**Instructions for the task:**
Start at the line below containing "Masksheets - سيروم" and stop at the line containing "- Стратегическое мышление: разработка". Repeat every line of that stretch exactly, and nothing outside it.

**Data:**
—————

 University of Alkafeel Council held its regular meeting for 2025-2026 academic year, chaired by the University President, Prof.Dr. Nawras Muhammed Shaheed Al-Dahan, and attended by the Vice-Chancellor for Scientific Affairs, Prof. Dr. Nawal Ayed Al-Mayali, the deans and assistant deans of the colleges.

—————

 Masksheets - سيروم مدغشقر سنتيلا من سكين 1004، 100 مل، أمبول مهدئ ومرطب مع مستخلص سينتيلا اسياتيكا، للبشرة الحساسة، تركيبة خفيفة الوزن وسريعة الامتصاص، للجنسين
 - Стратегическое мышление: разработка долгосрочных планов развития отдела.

—————

**Exercise response:**
 Masksheets - سيروم مدغشقر سنتيلا من سكين 1004، 100 مل، أمبول مهدئ ومرطب مع مستخلص سينتيلا اسياتيكا، للبشرة الحساسة، تركيبة خفيفة الوزن وسريعة الامتصاص، للجنسين
 - Стратегическое мышление: разработка долгосрочных планов развития отдела.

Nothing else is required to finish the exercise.